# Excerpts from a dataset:
______________________________
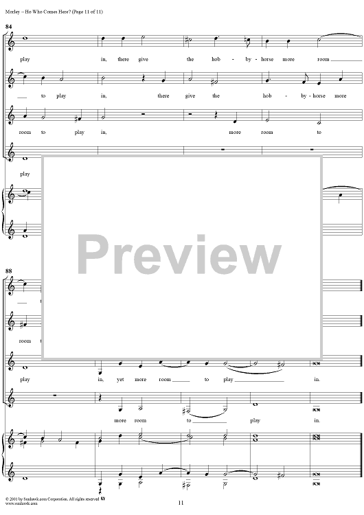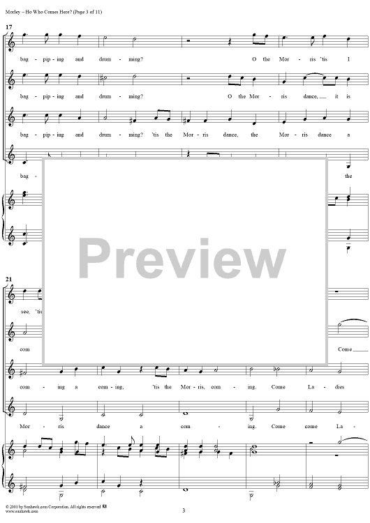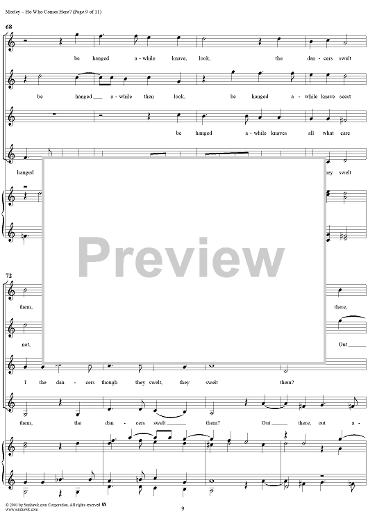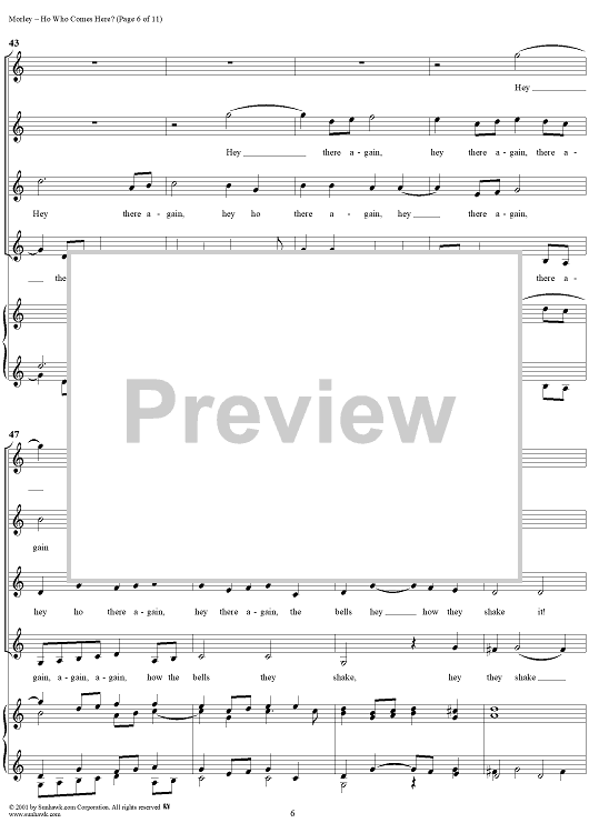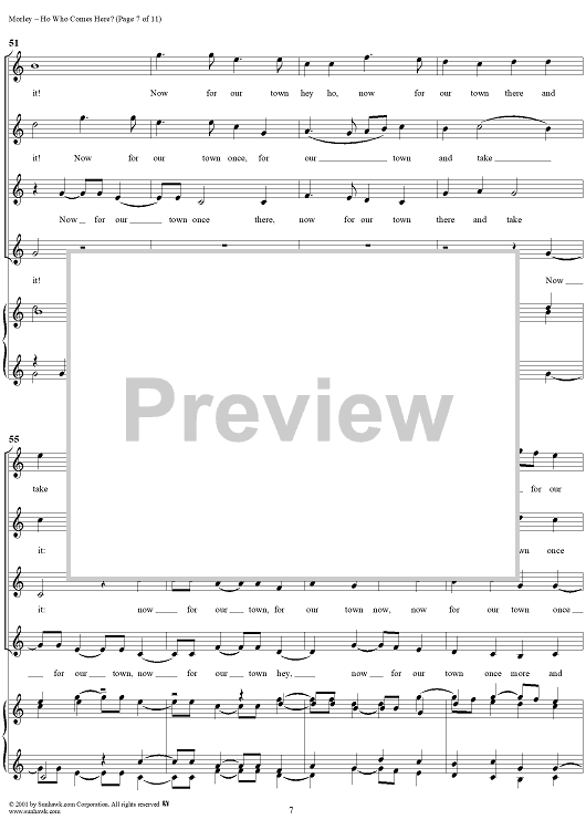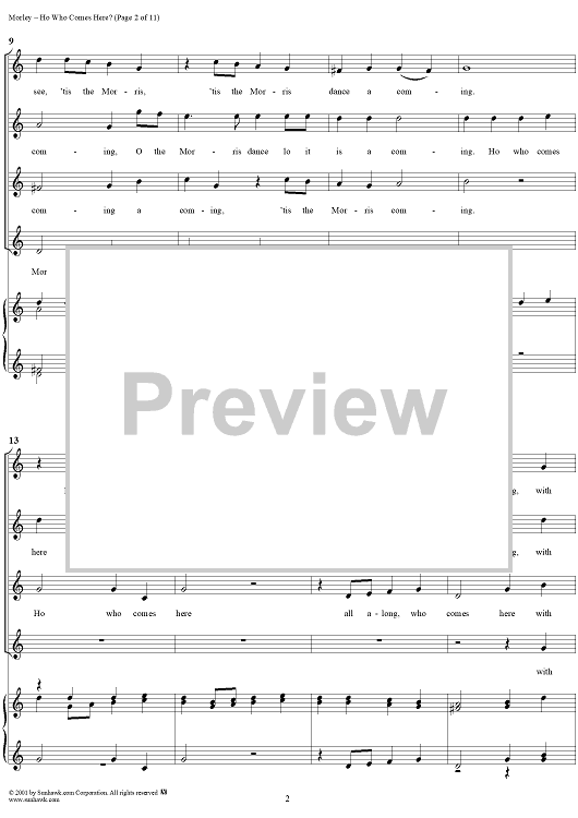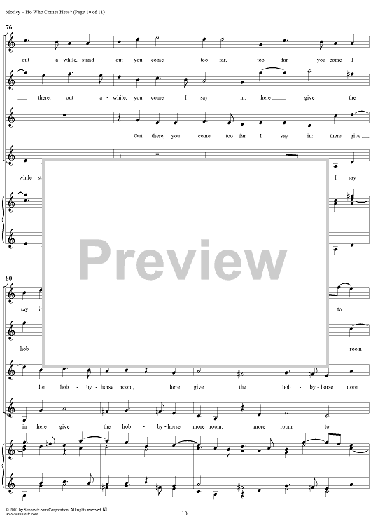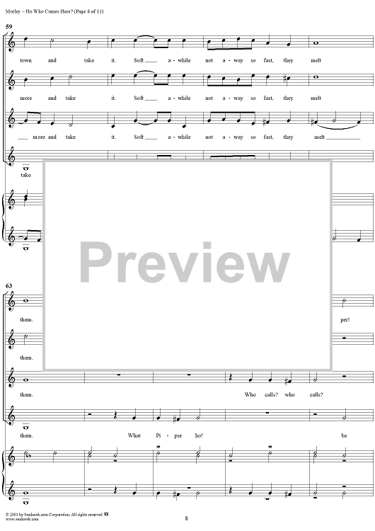 Digital Sheet Music for Ho Who Comes Here? by Thomas Morley scored for Four-part Mixed Chorus; id:260153
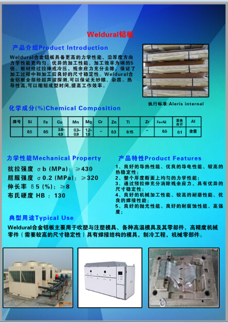 模具專用鋁合金的牌號:HOKOTOL、GIANTAL、WELDURAL、7075T651、7475、7050、2024、6061等。
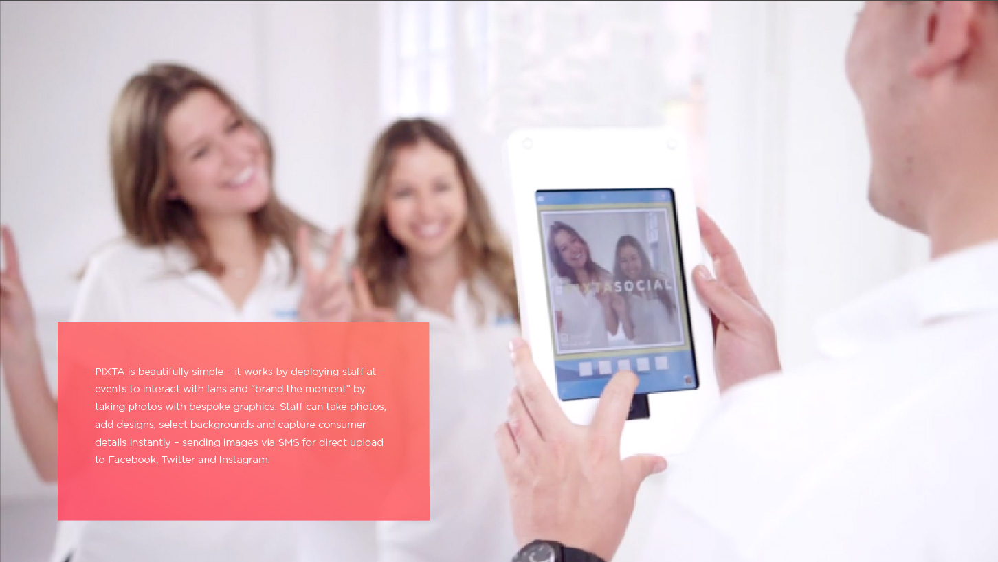 PIXTA is intuitively designed to enable fast staff training on a large scale. Within minutes, multiple staff can be trained and deployed into the field, creating uniquely branded content to be shared online as they engage fans on the go.
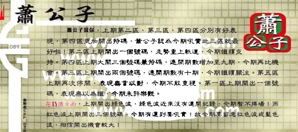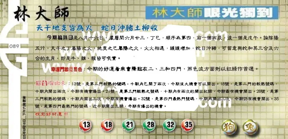 | 主题 :089期:老总论码/萧公子/林大师/五行夺码 |
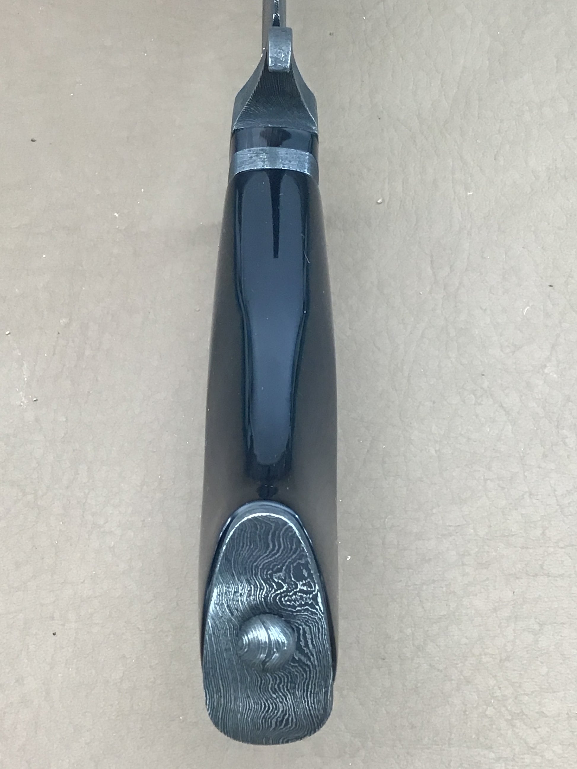 This **Recurve Bowie** is a striking example of Jim’s craftsmanship — a perfect blend of strength, beauty, and traditional American design. The blade is forged from **1084 and 15N20 Damascus steel**, producing a bold pattern and excellent cutting performance. Its **Buffalo Horn handle** adds both durability and visual depth, while the **matching Damascus guard and pommel** complete the cohesive, handcrafted aesthetic.
______________________________
# Your instructions:
Repeat exactly the lines from the start of the entries down to the line with "主题 :089期:老总论码/萧公子/林大师/五行夺码 |", keeping both ends but none of the pictures.

# The completed task:
 Digital Sheet Music for Ho Who Comes Here? by Thomas Morley scored for Four-part Mixed Chorus; id:260153
 模具專用鋁合金的牌號:HOKOTOL、GIANTAL、WELDURAL、7075T651、7475、7050、2024、6061等。
 PIXTA is intuitively designed to enable fast staff training on a large scale. Within minutes, multiple staff can be trained and deployed into the field, creating uniquely branded content to be shared online as they engage fans on the go.
 | 主题 :089期:老总论码/萧公子/林大师/五行夺码 |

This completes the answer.